Aliağa TÜPRAŞ rafinerisinin 45 günlük duruşunda bakım sürecinin hızlanacağı söylenirken bir süredir idari izinde olan taşeron işçiler de çalışmaya başladı. Risk grubunda olduğu için idari izinde olanların dahi çalışmaya çağrıldığını ifade eden bir taşeron işçisi, yeterli önlemlerin alınmasını ümit ettiklerini belirterek “Başımıza neler gelecek bilmiyoruz. Çalışma başlayacak dediler ve çağrı yaptılar. Bir yandan da endişelerimiz devam ediyor. Virüs bulaşan arkadaşlar olduğunu biliyoruz. Bir aydır izindeydik. TÜPRAŞ duruşa geçince bakım işi sürecek dediler” diye konuştu.
"ÜLKEDEKİ DURUM GİBİ KAYGIYLA BEKLİYORUZ"

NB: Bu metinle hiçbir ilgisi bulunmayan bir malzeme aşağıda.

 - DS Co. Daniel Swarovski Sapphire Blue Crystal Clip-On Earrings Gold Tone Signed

Kadrolu bir TÜPRAŞ işçisi ise şunları söyledi:
“Bir aydır bir hafta çalıştım ya da çalışmadım, bazı bölümler duruşta zaten. Kısmi çalışma ödeneğinden faydalanınca emeklilik pirimi yatmıyor tabii, bir hak kaybı söz konusu oluyor. Fabrika 5 Mayıs’ta duruşa geçti ama 2-3 gün sürer durması zaten. Bu durumun nereye kadar gideceğini, nasıl olacağını kimse bir şey bilmiyor. İşin açığı pek de bilgilendirme olmuyor. Ne kadar sürecek nasıl olacak bilmiyoruz. Şimdilik hak kaybı yok gibi görünüyor ama yarınımız belli değil. Yani iş var gel, iş yok evde bekle veya günde 12 saat 1 hafta çalış, 1 hafta evde kal… Bu çalışma modeli nereye kadar gider? Bir de işçi sağlığı ve iş güvenliği konusu daha önemli bir konu haline geldi ama şimdilik kimse bir konuda bastıramıyor. Geçici diyoruz ama ne zaman geçecek bilmiyoruz.”

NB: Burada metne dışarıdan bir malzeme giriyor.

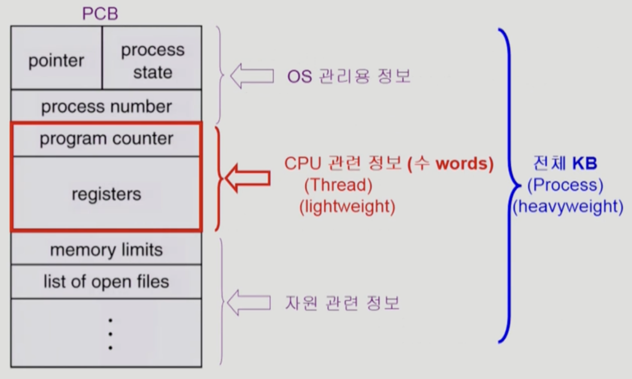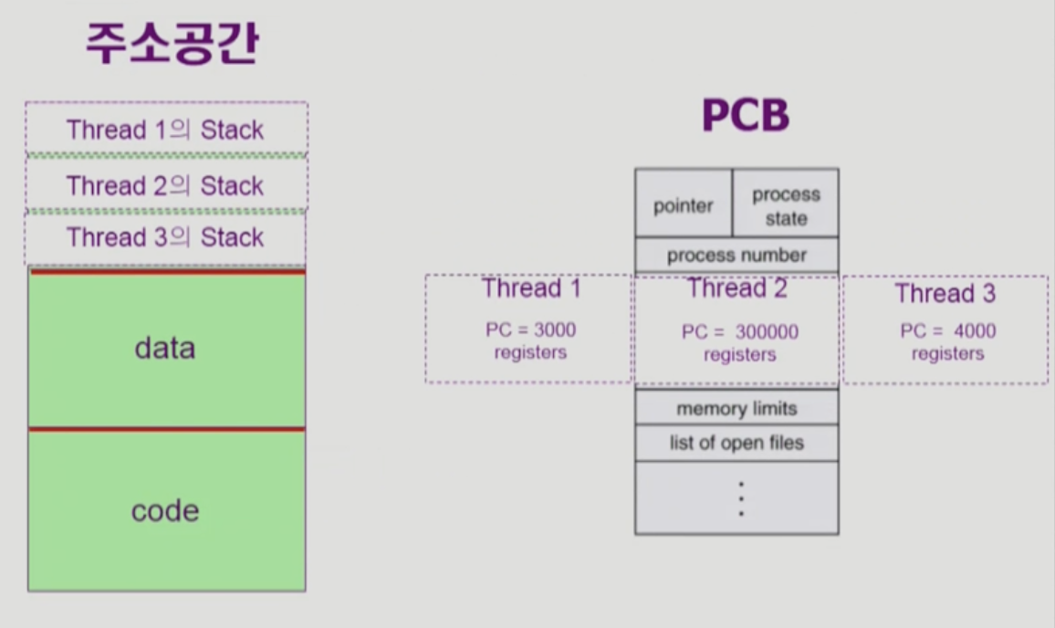 같은 일을 하는 프로세스를 여러 개 띄워놓고 싶으면, 메모리 공간만 하나 띄워놓고 각 프로세스마다 다른 부분의 코드를 실행할 수 있게 해주면 메모리를 보다 효율적으로 사용할 수 있습니다. 하나의 주소 공간에 CPU 수행 정보에 관련된 것들은 여러 개를 두는 것입니다.

"SENDİKA MERKEZİ GÖRÜNÜR OLMALI"
Bir başka işçi de, “Şimdi şirketle daha çok karşı karşıyayız, salgının etkisiyle üzerimizdeki yük de fazla. Şimdiye kadar hak kaybı yaşamadık, Sendika merkezi kötü demiyorum ama daha görünür ve yakın olmalı, güven ve cesaret vermeli. Örneğin böyle bir durum yaşanmış, bütün üyeler sendikası tarafından bilgilendirmeli, sendikanın bir açıklaması olmalı” dedi.
Fabrikadaki durumu ülkedeki durum gibi kaygıyla beklediklerini söyleyen işçi şöyle devam etti:
“Şimdilik çok panik havası yok bizde ama endişe çok. Büyük bir faturası olacağını sanıyorum. Ama şimdilik ilk elden hastalık belasından kurtulmaya bakıyoruz. Umarım tamamen geçer bu günler.”

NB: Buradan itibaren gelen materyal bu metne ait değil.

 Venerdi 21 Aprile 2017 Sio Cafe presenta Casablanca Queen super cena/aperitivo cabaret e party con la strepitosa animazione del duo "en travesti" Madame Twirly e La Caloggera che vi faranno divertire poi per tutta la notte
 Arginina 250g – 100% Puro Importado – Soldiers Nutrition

PETROL-İŞ: ASIL AMACIMIZ İŞÇİLERİN SAĞLIĞINI KORUMAK
Petrol-İş Aliağa Şube Yöneticisi Veysel Gündüz, TÜPRAŞ İzmir Rafinerisinin 5 Mayıs itibariyle çalışmayı durdurduğunu, birim birim olacak şekilde sürecin 12 Mayıs’ta tamamlanacağını dile getirdi.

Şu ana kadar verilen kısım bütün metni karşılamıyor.